Thanks to NetGalley and HMH Books for Young Readers for providing an eARC in exchange for an honest review.
Release Date: March 28th, 2017
Synopsis: Much like Lin-Manuel Miranda did in Hamilton, the New York Times best-selling author David Elliott turns a classic on its head in form and approach, updating the timeless story of Theseus and the Minotaur for a new generation. A rough, rowdy, and darkly comedic young adult retelling in verse, Bull will have readers reevaluating one of mythology’s most infamous monsters.

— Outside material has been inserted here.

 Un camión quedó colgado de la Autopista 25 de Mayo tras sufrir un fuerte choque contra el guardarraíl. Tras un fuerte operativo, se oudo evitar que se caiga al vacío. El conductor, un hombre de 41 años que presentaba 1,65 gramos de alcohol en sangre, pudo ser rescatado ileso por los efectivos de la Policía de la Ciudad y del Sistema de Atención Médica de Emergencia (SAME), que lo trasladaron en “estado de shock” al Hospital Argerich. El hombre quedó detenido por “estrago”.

I wasn’t quite sure what to expect from Bull, but I love David Elliott and anything to do with Greek Mythology, so I knew I had to read this. While I don’t think this will be for everyone, I found it to be both hysterically funny as well as touching and I thoroughly enjoyed it. As the synopsis says, the story is told entirely in verse which takes you a little while to get used to if you haven’t read this style of writing. David Elliott really does a great job with the concept and uses a different style for each character. The humor is provided by Poseidon who is arrogant and snarky yet you can’t help but reluctantly liking him even if he does ruin people’s lives. While this is basically a modernization of the classic story of the Minotaur, what I really loved about this, was that you actually got to hear from him. Asterion is basically doomed from birth through no fault of his own and his voice particularly comes across as both tragic and beautiful. Just to give you an example, here’s a passage from when he’s 14:
I wonder if I’ll ever understand
What I am or what one day I’ll be.
A gross monstrosity?
Minos says I’m nothing more than Nothing.

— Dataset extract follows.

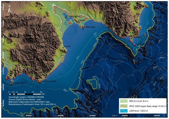 To link the land surface to the seafloor along the coasts and represent MIS 2 sea level, the bathymetric data were obtained from the European Marine Observation and Data Network (EMODnet, http://portal.emodnet-bathymetry.eu/ [25]—(accessed on 16 December 2020). The DTM has been generated from selected bathymetric survey data sets, composed by DTMs and satellite derive bathymetry (SDB) data products, while gaps of no data coverage were completed by integrating the GEBCO digital bathymetry. The spatial resolution of this DTM was 85 × 85 m while the vertical resolution was 1 m. However, the use of different resolution DTMs for the emerged and submerged part did not lead to differences in the elaboration of flood models; this is mainly due to the fact that the high-resolution DTM was available for the entire emerged sector, up to the current coastline.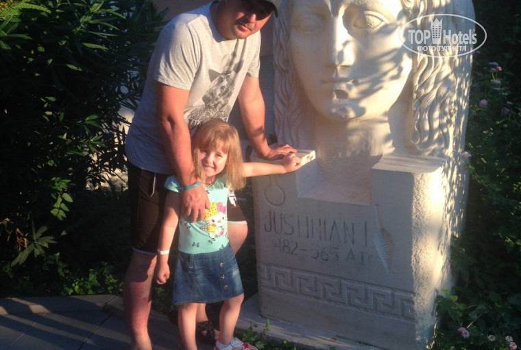 Отдыхали семьёй в августе месяце. На семью брали два номера, номера были в корпусах рядом с ресепшеном.Корпуса были далековато от моря ( надо было идти в горку), но был плюс, что также были далеко от амфитеатра, где проходили вечеринки, а у нас было тихо и спокойно.Что можно сказать об отеле в целом и в двух словах, территория большая, зелёная очень много деревьев, насаждений, за которыми усердно ухаживают, то есть можно сделать очень красивые фото.На территории отеля 5 бассейнов, где Вы можете спокойно купаться.Очень большой плюс, что есть для совсем маленьких, мелкий бассейн под навесом с небольшими горками, также имеется детская площадка ( хотя за неделю моя дочь там и непоявилась, не могли вытащить из бассейна).В этом году в отеле, очень хорошая анимационная группа, ребята веселые, было впечатление что эта работа для них в кайф! Старший сын только с ними и находился, то играл во что то, то веселился, то танцевал.Очень подружился с аниматором Кубой, большое ему спасибо, за работу с детьми...да и взрослым было очень весело...Что касается пищи, кормят хорошо, голодным не будешь, шеф- повар молодец, каждый день чем то удивлял, то жареная рыба, то суп от шеф повара...Единственное что людей было много поэтому приходилось ждать столы, но это не так критично, поэтому начали приходить чуть позже и эта проблема сама собой отпала.Детям также после ужина всегда раздавали бесплатное мороженое.Также ещё хочу написать, что на территории имеется магазин, где можно купить не так дорого всякие безделушки в подарок родным, также есть фотоателье где можно заказать на память блюдца, фотосессии и просто памятные вещи...Вообщем про отель можно написать очень много положительного, мы были много раз в Турции и в разных отелях, но этот отель мог утереть нос многим отелям 5*, хотя он и четвёрка.я думаю, что мы семьёй будем его рассматривать и на следующий год для поездки в отпуск...

Can Nothing take a form and call it me?
But Nothing is ever what it seems.
Watch Nothing laugh.
See Nothing cry.
Hear Nothing scream.
Yep. My heart broke for him at that point. I also loved the relationship between him and his half-sister Ariadne who is determined to rescue him from the maze. Bull is a fast read (I finished it in less than an hour), that I think will appeal to older teens and adults who enjoy Greek Mythology. It perfectly captures the mercilessness of Poseidon, the fury of Minos, the insanity of Pasiphae and the self-loathing of Asterion. Because of the original subject matter and some fairly salty language, I recommend this for high-schoolers and older.